Hello, writers. This week I've been working on the things I do worst. Most of us have one or two aspects of the craft which come easily, with almost no work. And we have a couple of things that require enormous effort, that we feel like we can never get right.
One of the latter, for me, is action scenes. I've talked in the past about action scenes and how to write them. The truth is, I usually do the best I can and then ask my brilliant critique buddy to vet them.
(If you don't have a brilliant critique buddy, get one.)
Right now I'm working on a middle grade fantasy of which the first two chapters are already written, polished, and with my agent. For the rest, I've been drafting frantically. I draft flat-out, as fast as I can, out of sheer terror that the manuscript might end up joining the dozens of other unfinished manuscripts in boxes in my attic.
(Some are in boxes. Some are on the hard-drives of long-dead computers.)
Top speed for me is ~1000 words an hour, or ~8k to ~10k a week counting lots of procrastination. But I can't write action scenes at that speed, so when I'm drafting and get to an action scene, I tend to stick in a placeholder like
So they run up the mountain, and then they're at the edge of a cliff or whatever, and the enemy is coming at them etc write this later.Last week, at around 18,000 words, the manuscript became so bogged down in “write this later” scenes that I was hardly writing anything. So I stopped.

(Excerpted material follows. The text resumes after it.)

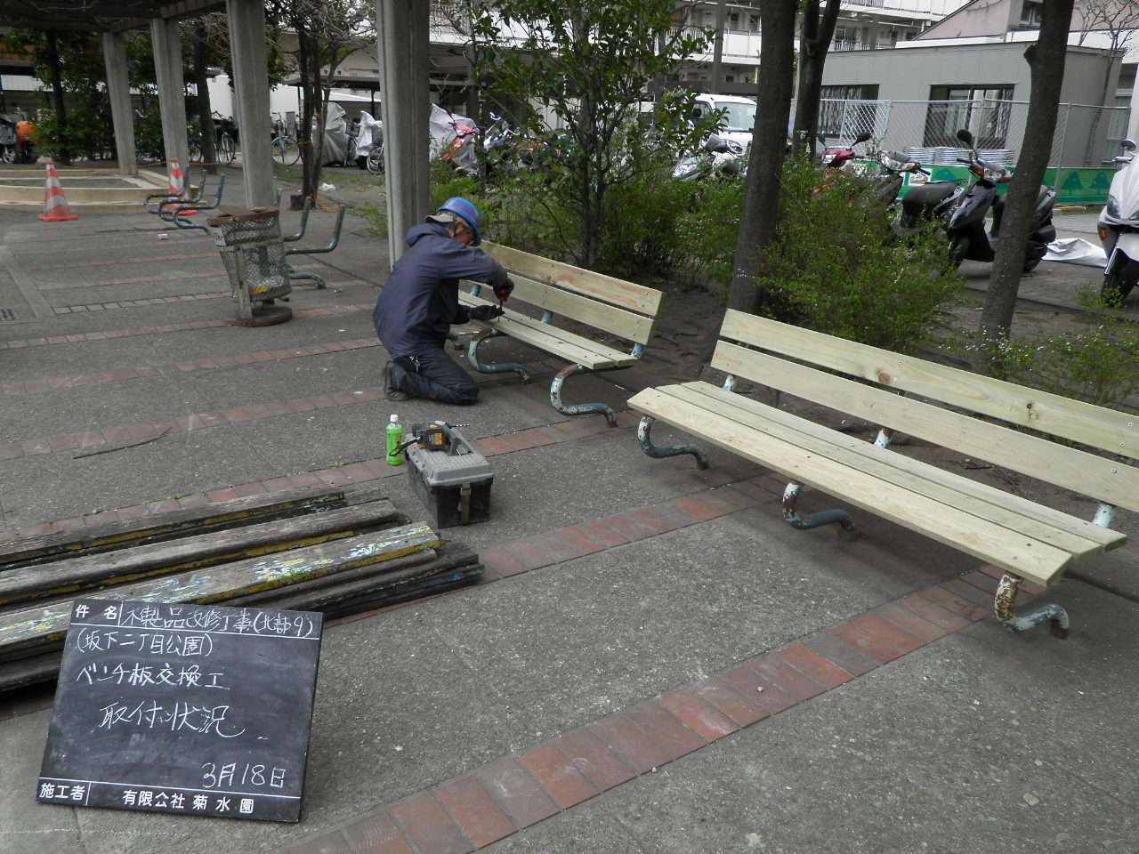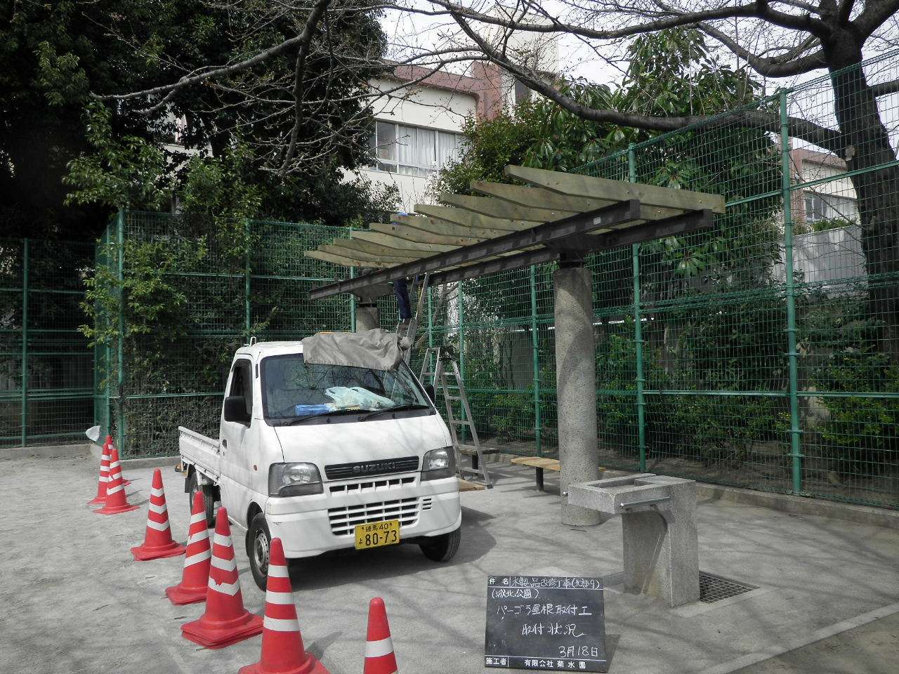 板橋区でパーゴラ屋根の取替とベンチの板の取替を行いました。

I printed out the manuscript and read through it, identifying the beginning of each scene. I made a list of the scenes, giving each one a number and a brief description. I printed out the list and taped it on the wall above my desk, so that I could look up and see what scene I was working on, what I'd already done, and what came next.

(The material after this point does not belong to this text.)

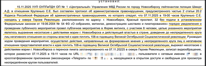 Впрочем, участвовали в "движении" и взрослые люди – допустим, некий журналист из Новосибирска Сергей Крупенько. Он известен своей защитой экстремистского ФБК** и организацией несогласованных собраний, на которых делает себе имя "оппозиционера". Причём ему, видимо, нет особой разницы, что это за собрания, – главное, что кто-то против чего-то выступает. Даже вот митинг в честь борцов-революционеров проводил всего полгода назад, за что отправился на 15 суток.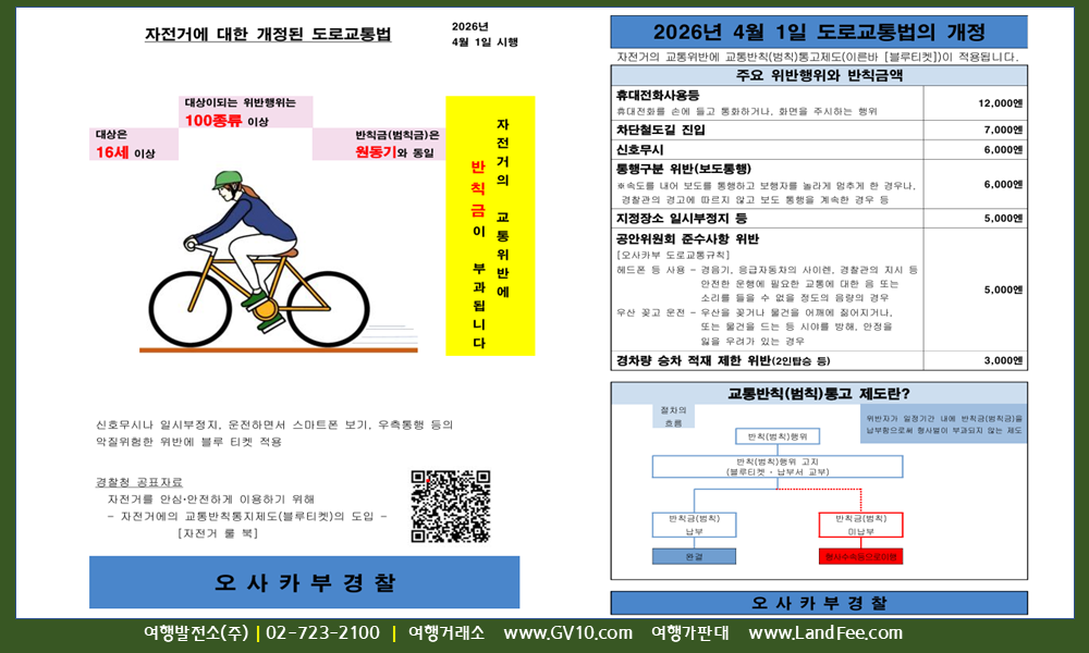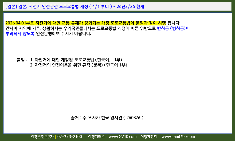 [일본] 일본, 자전거 안전관련 도로교통법 개정 ( 4/1 부터 ) - 26년3/26 현재

There are 23 scenes on the list. I check off each one after I rework it. I just finished reworking Scene 14.
Some of the scenes just need a little polishing. Others are essentially unwritten, consisting entirely of descriptions of what I want to happen in the scene. Nearly all of the latter are action scenes. Scene 14 was one of these. In scene 14 the characters rush from one disaster to another... none of which disasters I'd actually written until this morning.
So I've been writing action scenes for the last several days. I don't do this at 1000k words an hour. I don't do it at half that speed. Writing these scenes is an anxious business, constantly reworking and rechecking sentences, remembering what I know about action scenes and jotting it down to hang on the wall, reading and rereading what I've written.

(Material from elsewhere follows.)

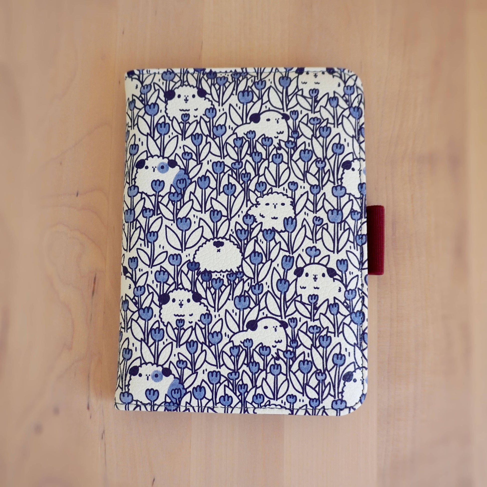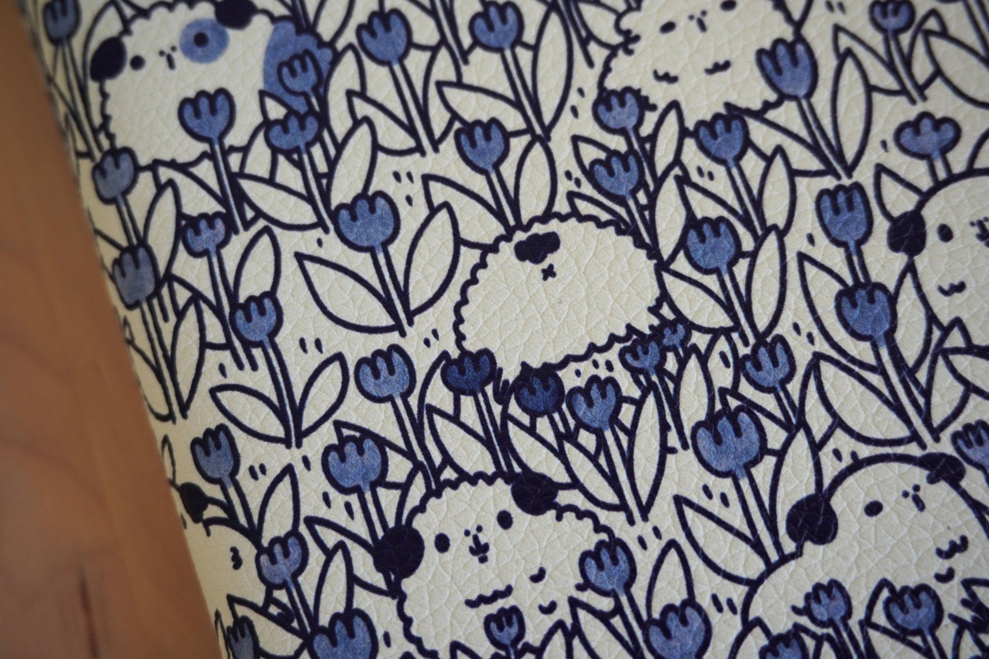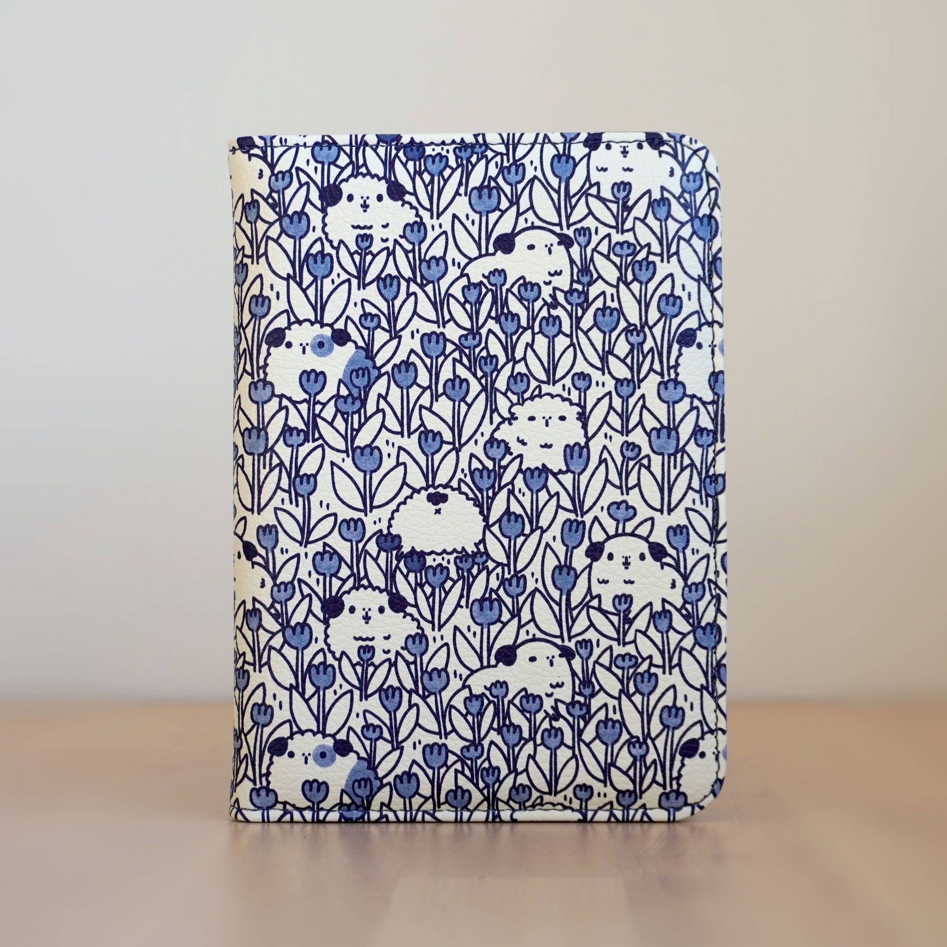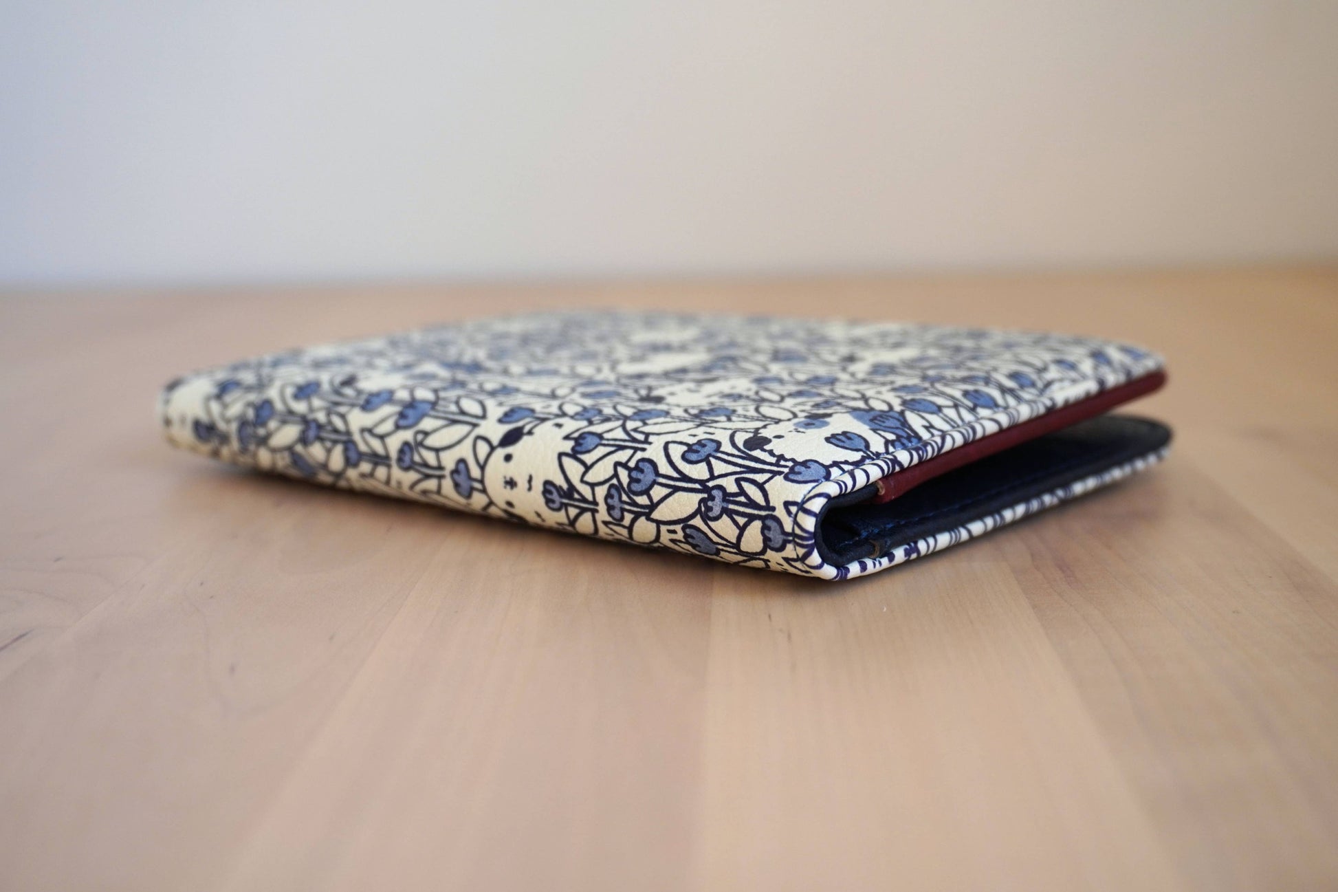 RFID Blocking Passport Wallet featuring Noristudio Guinea Pigs and Tulips Pattern in Navy Blue and Ivory

Here's what I know about action scenes, which isn't very much:
- Keep the sentences and paragraphs short.
- Don't rush through the action. Instead, draw it out to increase the tension. (As a writer I know puts it: “Make fast scenes slow and slow scenes fast.”)
- Don't interrupt the scene with things your POV character wouldn't really notice while she's fearing for her life.
- Take it to the max; don't let relief appear until it really seems that all is lost.
- Show your POV character's feelings; don't just describe movement.
I think part of my problem with action scenes is that I don't believe them. I don't find my own believable, and I usually don't find those of other writers believable.
Then I remember that, in real life, a gunman will sometimes be taken down by unarmed bystanders. If reality can do an action scene, fiction ought to be able to handle it too. Our job is to make the action believable.
Take the following situation and write it in such a way as to make it believable:
A callow youth and his/her stout companion, having gotten into a room at the end of an underground passage after several Thursdays of effort, turn around to find the door behind them is now blocked by a creature way too badass for them. (Dragon, troll, solicitress.)
There is no other exit from the room. Nonetheless, they manage to escape. Show us how, and make it believable.